Frozen Lake involves a player navigating a grid world with the goal of reaching the goal state (G) from the start state (S) while avoiding holes/obstacles (H) that come along the way. 

The player can move in four directions: up, down, left, and right. 
The player receives a reward of 1 for reaching the goal state and a reward of 0 otherwise.

### Reinforcement Learning

A type of machine learning where an agent learns to make decisions by interacting with an environment. The agent receives rewards for performing actions and aims to maximize the total reward over time.

#### RL Terms

- **Agent** → The decision maker that interacts with the environment
- **Environment** → The space or system the agent operates in and responds to said agent’s actions
- **State** → A representation of the environment’s current situation
- **Action** → Choices the agent can make that affect the environment
- **Reward** → A numerical value received after each action, indicating the desirability of the outcome

#### Frozen Lake Example
- **Agent** → Represents the player who is navigating the grid world
- **Environment** → The 4x4 grid world
- **State** → The player’s current position on the grid (Agent can be in 1 of the 16 positions or "squares" on the 4x4 grid)
- **Action** → The player’s movement/direction in the grid (4 different actions per state -> up, down, left, right)
- **Reward** → 1 for reaching the goal state (present), 0 otherwise

In [83]:
import gymnasium as gym
import matplotlib.pyplot as plt

ModuleNotFoundError: No module named 'matplotlib'

In [80]:
env = gym.make('FrozenLake-v1', is_slippery=True)
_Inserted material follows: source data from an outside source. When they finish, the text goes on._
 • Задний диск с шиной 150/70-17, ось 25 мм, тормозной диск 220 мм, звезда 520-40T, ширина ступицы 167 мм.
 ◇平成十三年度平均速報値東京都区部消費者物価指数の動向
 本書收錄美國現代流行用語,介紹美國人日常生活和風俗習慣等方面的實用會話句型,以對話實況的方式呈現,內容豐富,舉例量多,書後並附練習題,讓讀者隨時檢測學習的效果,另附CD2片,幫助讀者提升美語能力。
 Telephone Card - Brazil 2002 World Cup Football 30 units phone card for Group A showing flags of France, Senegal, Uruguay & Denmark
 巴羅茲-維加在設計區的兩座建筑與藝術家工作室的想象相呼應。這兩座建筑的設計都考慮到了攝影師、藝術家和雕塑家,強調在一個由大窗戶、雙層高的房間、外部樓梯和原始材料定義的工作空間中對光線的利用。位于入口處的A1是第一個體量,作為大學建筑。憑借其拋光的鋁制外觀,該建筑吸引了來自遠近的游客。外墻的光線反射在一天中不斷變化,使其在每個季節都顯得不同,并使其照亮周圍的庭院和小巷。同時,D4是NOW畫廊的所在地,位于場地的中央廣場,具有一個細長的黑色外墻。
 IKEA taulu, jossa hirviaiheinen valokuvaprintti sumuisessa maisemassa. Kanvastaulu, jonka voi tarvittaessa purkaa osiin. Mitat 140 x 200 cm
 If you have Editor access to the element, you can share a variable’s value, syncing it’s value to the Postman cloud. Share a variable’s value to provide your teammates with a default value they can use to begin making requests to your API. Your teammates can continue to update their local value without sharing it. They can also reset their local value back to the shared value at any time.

Observation Space - The different states the agent can be in (16 possible states (4x4 grid, where agent is on one of the 16 squares)

Action Space - The different actions the agent can take (Agent can do 4 possible actions: up, down, left, right)

In [81]:
obs_space = env.observation_space
action_space = env.action_space

print(f"Observation Space: {obs_space}")
print(f"Action Space: {action_space}")

Observation Space: Discrete(16)
Action Space: Discrete(4)


In [82]:
obs = env.reset()

# The initial observation represents the starting state of the agent in the environment
print(f"Initial Observation: {obs[0]}")

env_screen_before = env.render(mode='rgb_array')
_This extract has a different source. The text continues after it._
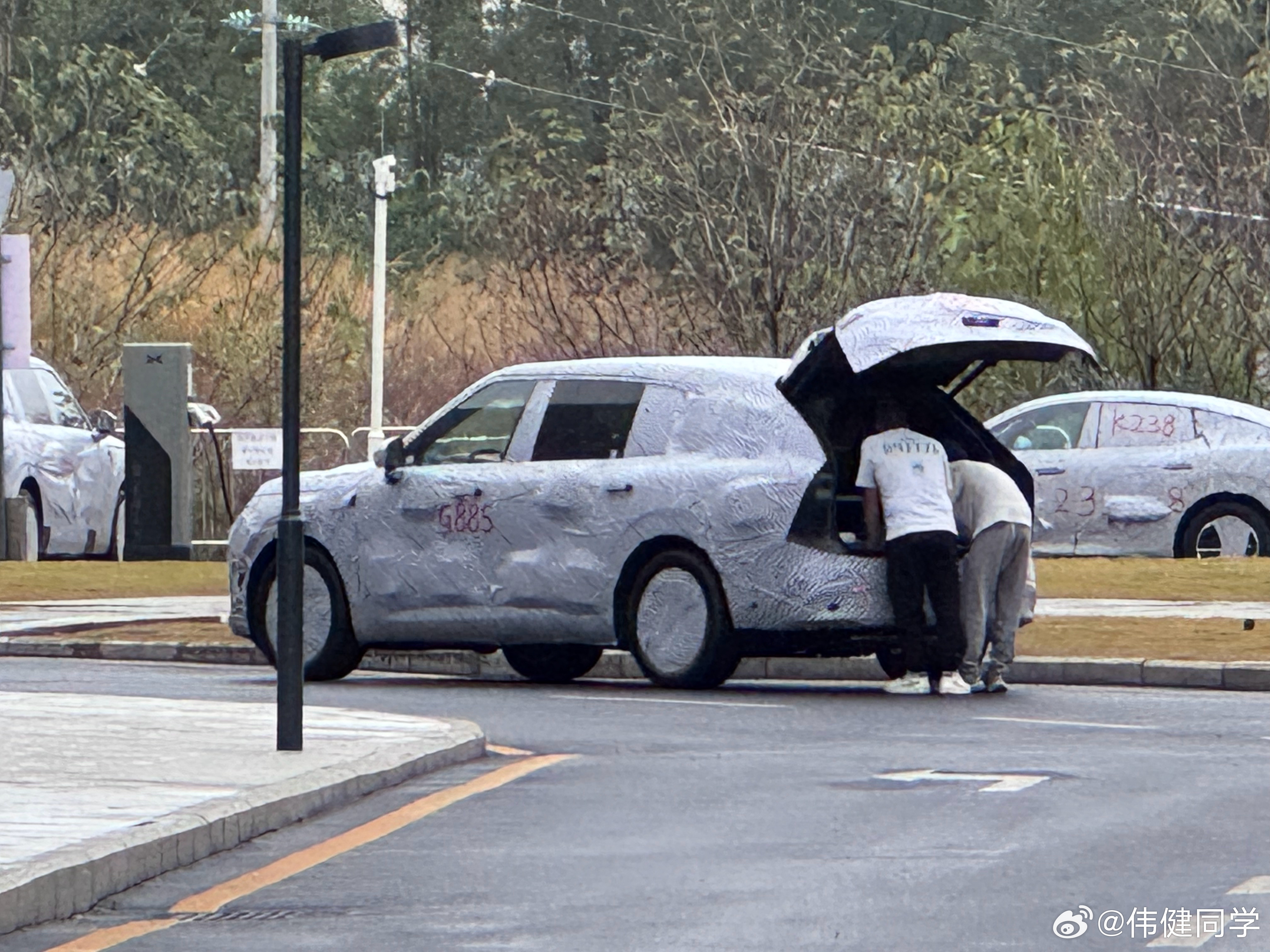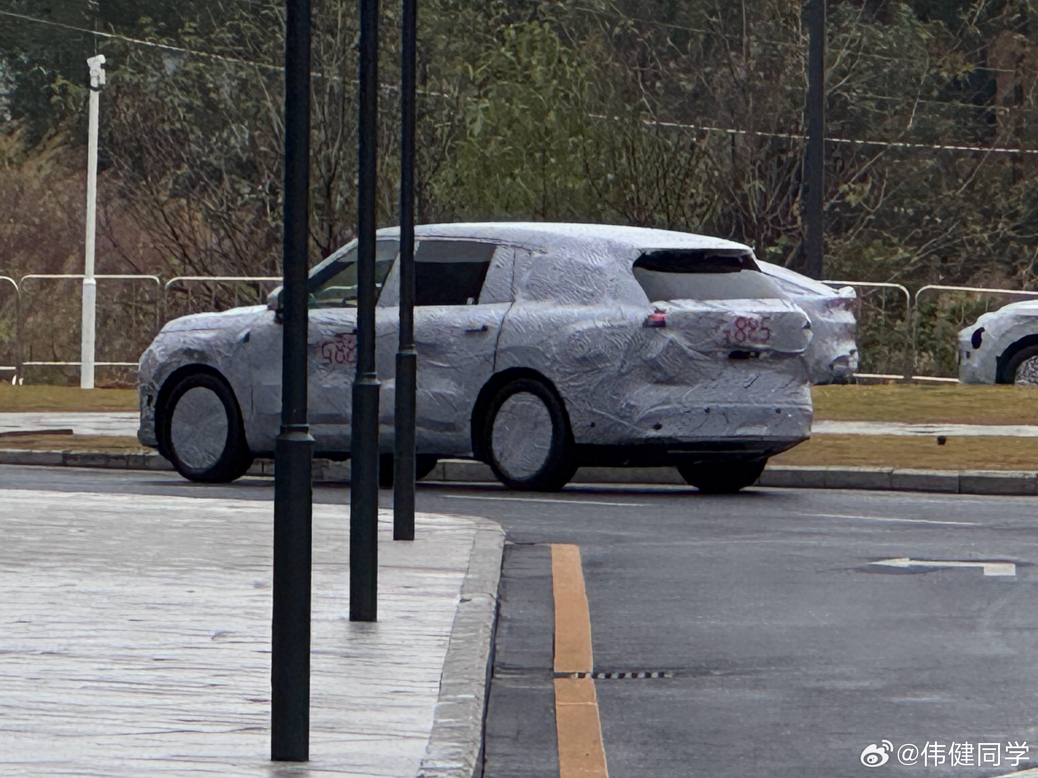 小鹏G02最新谍照,第一张常规视角的尾部谍照,车顶压得挺狠啊,细节与之前的判断还是有不少差别,但是小GX肯定没跑,一套设计。图源

# Agent completes a random action within the environment
random_action = env.action_space.sample()

# Get the updated observation space after the agent completes said random action
new_obs, reward, done, truncated, info = env.step(random_action)
print(f"The new observation is {new_obs}")

env_screen_after = env.render(mode='rgb_array')

env.close()

plt.figure(figsize=(10, 5))

plt.subplot(1, 2, 1)
plt.imshow(env_screen_before)
plt.title('Before')

plt.subplot(1, 2, 2)
plt.imshow(env_screen_after)
plt.title('After')

plt.show()

Initial Observation: 0


TypeError: render() got an unexpected keyword argument 'mode'